Reba McClane counted h
er plums after Dolarhyde left. He had taken one.
Strange man, Mr. Dolarhyde. There had been no awkward pause of sympathy and concern in his voice when she turned on the lights. Maybe he already knew she was blind. Better yet, maybe he didn’t give a damn.
That would be refreshing.
Chapter 30
InChicago, Freddy Lounds’s funeral was under way. The National Tattler paid for the elaborate service, rushing the arrangements so that it could be held on Thursday, the day after his death. Then the pictures would be available for the Tattler edition published Thursday night.
The funeral was long in the chapel and it was long at the grave-side.
A radio evangelist went on and on in fulsome eulogy. Graham rode the greasy swells of his hangover and tried to study the crowd.
The hired choir at graveside gave full measure for the money while the Tattler photographers’ motor-driven cameras whizzed. Two TV crews were present with fixed cameras and creepy-peepies. Police photographers with press credentials photographed the crowd.
Graham recognized several plainclothes officers from Chicago Homicide.
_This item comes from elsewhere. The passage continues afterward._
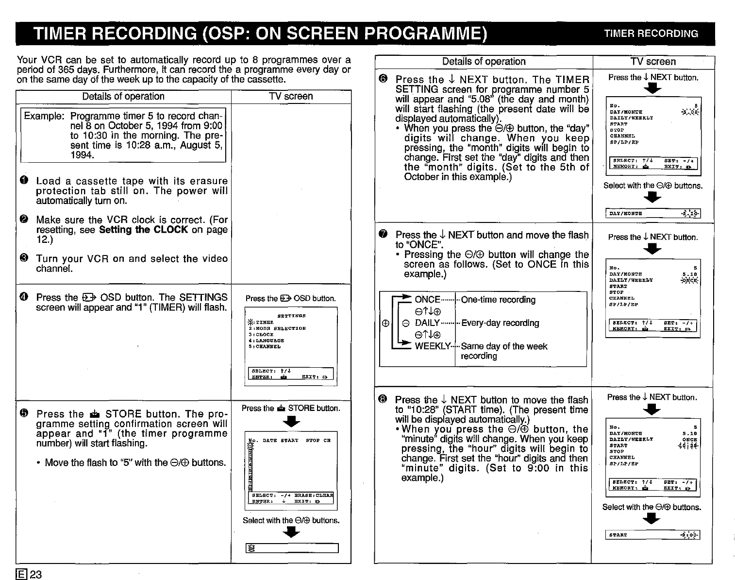 TIMER RECORDING (OSP: ON SCREEN PROGRAMME) TIMER RECORDING

Theirs were the only faces that meant anything to him.
And there was Wendy of Wendy City, Lounds’s girlfriend. She was seated beneath the canopy, nearest the coffin. Graham hardly recognized her. Her blonde wig was drawn back in a bun and she wore a black tailored suit.
During the last hymn she rose, went forward unsteadily, knelt and laid her head on the casket, her arms outstretched in the pall of chrysanthemums as the strobe lights flashed.
The crowd made little noise moving over the spongy grass to the cemetery gates.
Graham walked beside Wendy. A crowd of the uninvited stared at them through the bars of the high iron fence.
“Are you all right?” Graham asked.
They stopped among the tombstones. Her eyes were dry, her gaze level.
“Better than you,” she said. “Got drunk, didn’t you?”
“Yep. Is somebody keeping an eye on you?”